(Collected data)
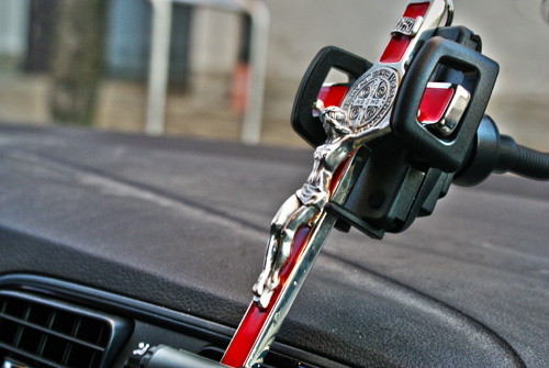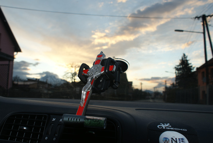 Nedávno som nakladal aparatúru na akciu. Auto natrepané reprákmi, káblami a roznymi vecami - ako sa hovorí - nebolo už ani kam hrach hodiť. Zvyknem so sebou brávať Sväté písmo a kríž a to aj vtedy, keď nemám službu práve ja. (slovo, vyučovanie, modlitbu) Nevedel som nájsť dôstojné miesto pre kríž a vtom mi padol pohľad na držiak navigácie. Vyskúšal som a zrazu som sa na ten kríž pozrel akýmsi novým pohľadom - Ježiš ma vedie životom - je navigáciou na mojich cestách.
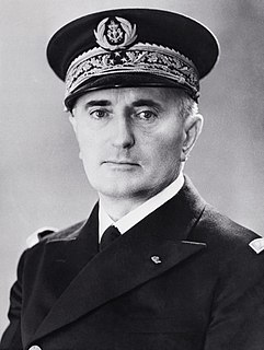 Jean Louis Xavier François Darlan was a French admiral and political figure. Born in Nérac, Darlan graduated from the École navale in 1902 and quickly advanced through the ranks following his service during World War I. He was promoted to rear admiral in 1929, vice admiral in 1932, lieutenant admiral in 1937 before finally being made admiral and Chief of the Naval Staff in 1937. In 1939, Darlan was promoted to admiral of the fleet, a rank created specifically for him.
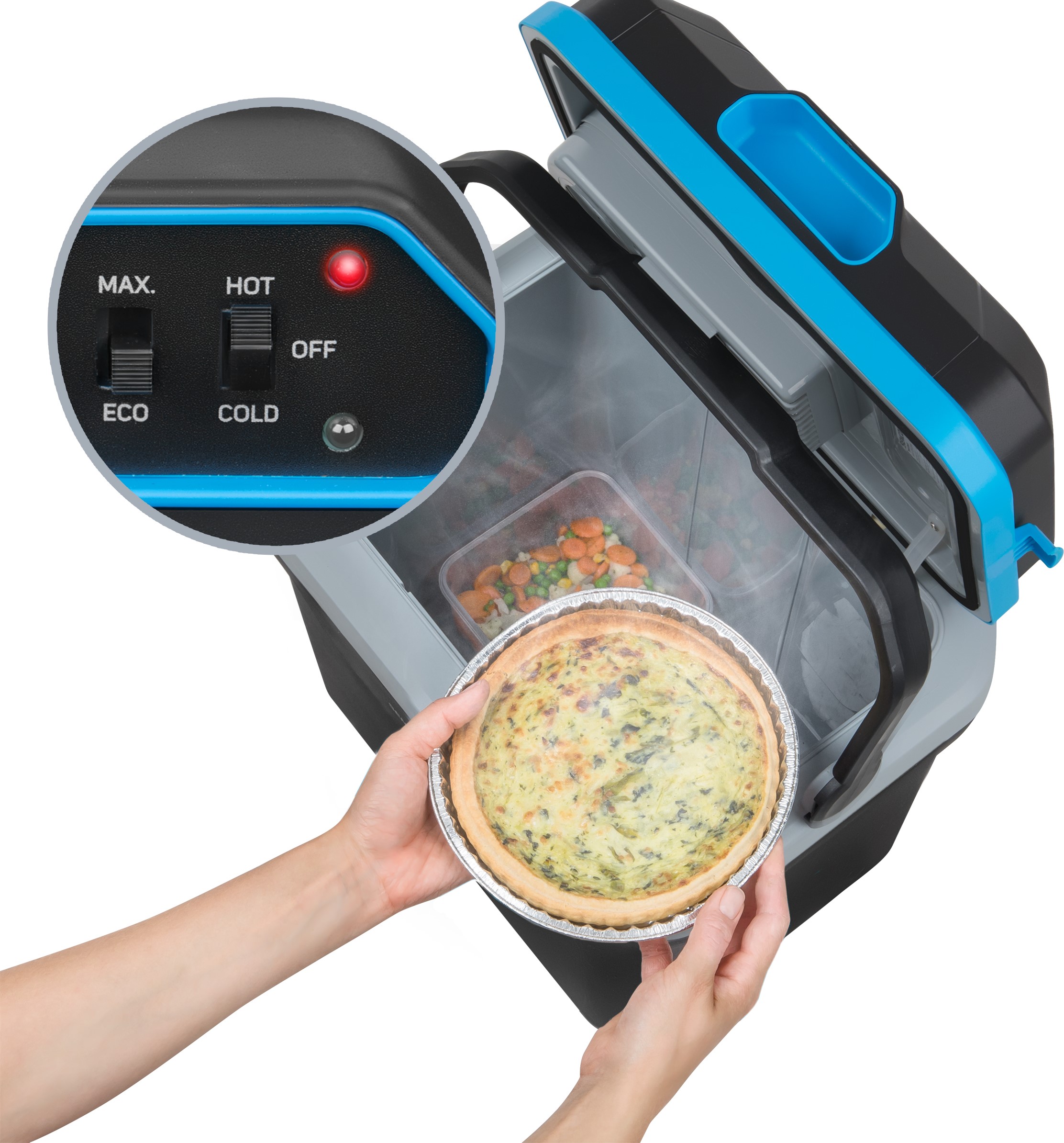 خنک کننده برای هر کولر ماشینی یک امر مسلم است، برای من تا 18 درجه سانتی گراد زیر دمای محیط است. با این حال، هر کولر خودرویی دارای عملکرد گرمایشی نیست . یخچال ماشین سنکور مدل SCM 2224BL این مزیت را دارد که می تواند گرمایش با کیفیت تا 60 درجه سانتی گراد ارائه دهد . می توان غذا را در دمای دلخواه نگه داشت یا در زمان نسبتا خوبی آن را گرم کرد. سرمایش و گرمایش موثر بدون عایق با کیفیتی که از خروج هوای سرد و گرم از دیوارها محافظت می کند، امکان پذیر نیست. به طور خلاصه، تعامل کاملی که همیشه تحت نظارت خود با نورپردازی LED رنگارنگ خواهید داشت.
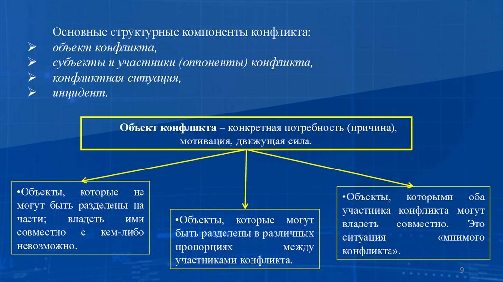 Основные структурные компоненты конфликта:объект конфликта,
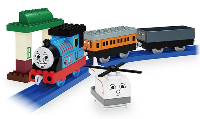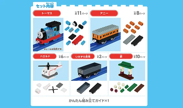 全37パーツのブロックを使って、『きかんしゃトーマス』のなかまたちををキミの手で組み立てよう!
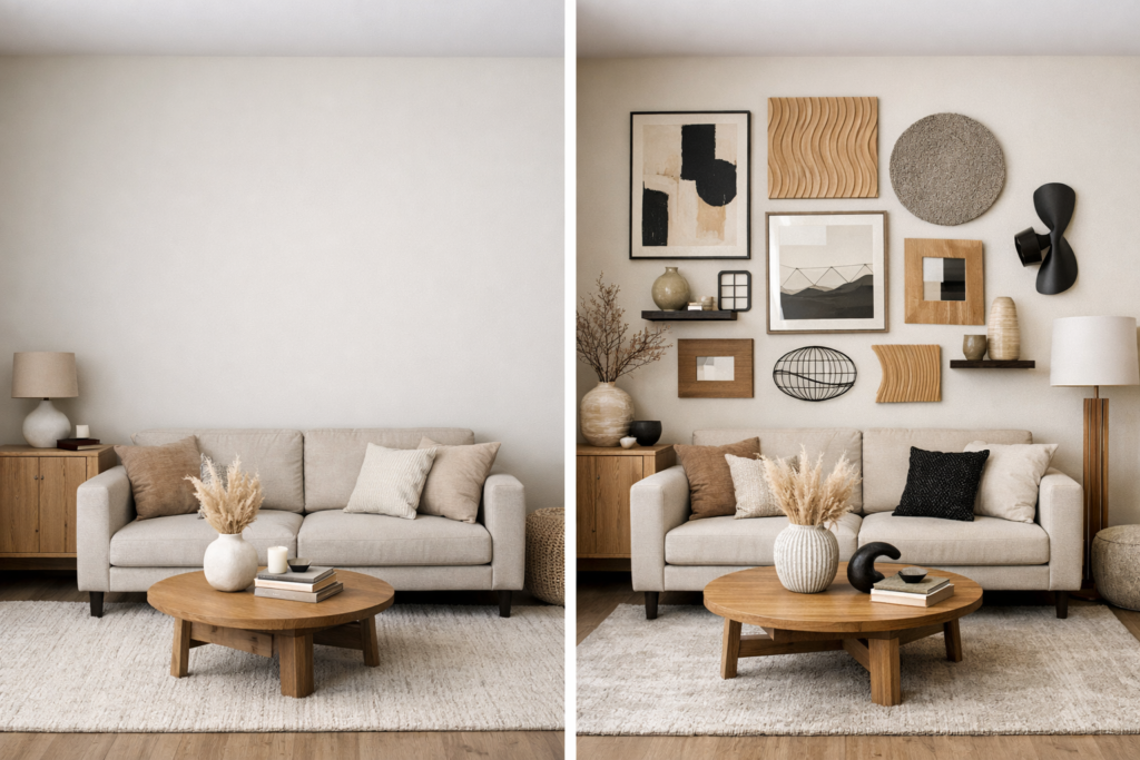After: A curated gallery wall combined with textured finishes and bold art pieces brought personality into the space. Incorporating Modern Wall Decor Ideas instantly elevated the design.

• Work instructions: Since the copy should hold text only, set down each record exactly and leave the pictures out.

• Written answer:
 Nedávno som nakladal aparatúru na akciu. Auto natrepané reprákmi, káblami a roznymi vecami - ako sa hovorí - nebolo už ani kam hrach hodiť. Zvyknem so sebou brávať Sväté písmo a kríž a to aj vtedy, keď nemám službu práve ja. (slovo, vyučovanie, modlitbu) Nevedel som nájsť dôstojné miesto pre kríž a vtom mi padol pohľad na držiak navigácie. Vyskúšal som a zrazu som sa na ten kríž pozrel akýmsi novým pohľadom - Ježiš ma vedie životom - je navigáciou na mojich cestách.
 Jean Louis Xavier François Darlan was a French admiral and political figure. Born in Nérac, Darlan graduated from the École navale in 1902 and quickly advanced through the ranks following his service during World War I. He was promoted to rear admiral in 1929, vice admiral in 1932, lieutenant admiral in 1937 before finally being made admiral and Chief of the Naval Staff in 1937. In 1939, Darlan was promoted to admiral of the fleet, a rank created specifically for him.
 خنک کننده برای هر کولر ماشینی یک امر مسلم است، برای من تا 18 درجه سانتی گراد زیر دمای محیط است. با این حال، هر کولر خودرویی دارای عملکرد گرمایشی نیست . یخچال ماشین سنکور مدل SCM 2224BL این مزیت را دارد که می تواند گرمایش با کیفیت تا 60 درجه سانتی گراد ارائه دهد . می توان غذا را در دمای دلخواه نگه داشت یا در زمان نسبتا خوبی آن را گرم کرد. سرمایش و گرمایش موثر بدون عایق با کیفیتی که از خروج هوای سرد و گرم از دیوارها محافظت می کند، امکان پذیر نیست. به طور خلاصه، تعامل کاملی که همیشه تحت نظارت خود با نورپردازی LED رنگارنگ خواهید داشت.
 Основные структурные компоненты конфликта:объект конфликта,
 全37パーツのブロックを使って、『きかんしゃトーマス』のなかまたちををキミの手で組み立てよう!
After: A curated gallery wall combined with textured finishes and bold art pieces brought personality into the space. Incorporating Modern Wall Decor Ideas instantly elevated the design.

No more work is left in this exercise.